Sunday, 25 May 2014

Laskmamma, now 70, tells me ...


She tells stories about customs … 

Lakshmamma is an Edduluvalu, a sect of the Dalits here. She says the tortoise is the aada bidda (literally ‘girl child of the family’, usually referring to the daughter who has been married away) of the Edduluvaalu. The tortoise is considered to be Sibbaalamma, their family goddess, also called  'Amma'. There is a story behind this. 

The daughter of the family had come to attend a wedding. She is not supposed to pound rice, but she started pounding rice for khajjalu (sweetmeats made of rice flour and jaggery). When she put the pounding stick aside, it got stuck to the wall. Then she left it there and set out for the potter's to get the ariveni, sacred pots that are the placed as the deity in marriages.
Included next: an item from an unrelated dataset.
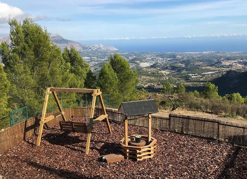 Torre de Arriba es un impresionante complejo situado dentro de una finca privada de 180 hectáreas, rodeado de almendros y olivos, y enmarcado por las faldas de la Sierra de Aitana. Las vistas del valle que se extiende hacia el mar son simplemente fantásticas. La finca ofrece una variedad de comodidades, incluyendo una piscina, solarium, parque infantil y trampolín, lo que la hace ideal para familias y grupos.
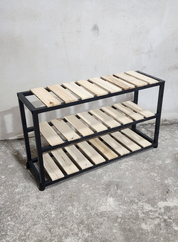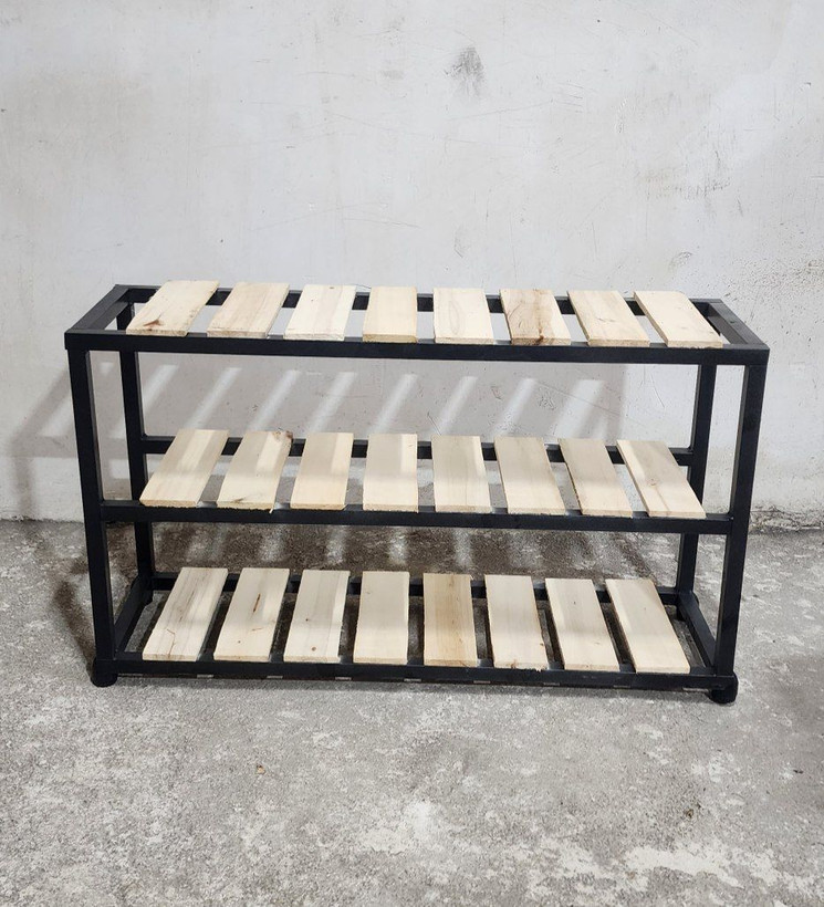 جاکفشی فلزی سهطبقه با رویه چوب طبیعی

As her children were troublesome, she put them under a bamboo basket and left. But the children turned into tortoises and crawled away. When she returned, she couldn’t find her children. Then she prayed to Sibbalamma to restore them, and promised that henceforth in her community married daughters would not participate in the nalugu ceremony before marriages. Even today the Eddaluvaalu have this custom, that married daughters keep away in thie ceremony.

Even now the Edduluvaalu do not eat tortoise meat, as the tortoise is Sibbalamma. If a tortoise comes home, they worship it with turmeric, kumkum, light karpooram before it and put flowers over it. They put a turmeric soaked cloth over it and release it in water. Lakshmamma said the tortoise used to visit her previous house in the lower street, but regretfully said it does not come here.

Lakshmamma describes scenes from long ago … how Yaavanna would come in yellow clothes on his horse. He would stop near the village temple, get off the horse, and sit down. People would treat him like a God and offer him worship with kumkum and turmeric. Coconuts would be broken before him and camphor would be lit. He would ask for a lamp and wash it with water and pour water into it and light the wick – the wick would burn brightly . Krishnamma, she says, conceived only after his blessings. When he blessed her Krishnamma  promised to give away everything valuable on her body – her gold nose ring, her earrings - after she conceived. But she waited in vain for him to come again, but he never came again.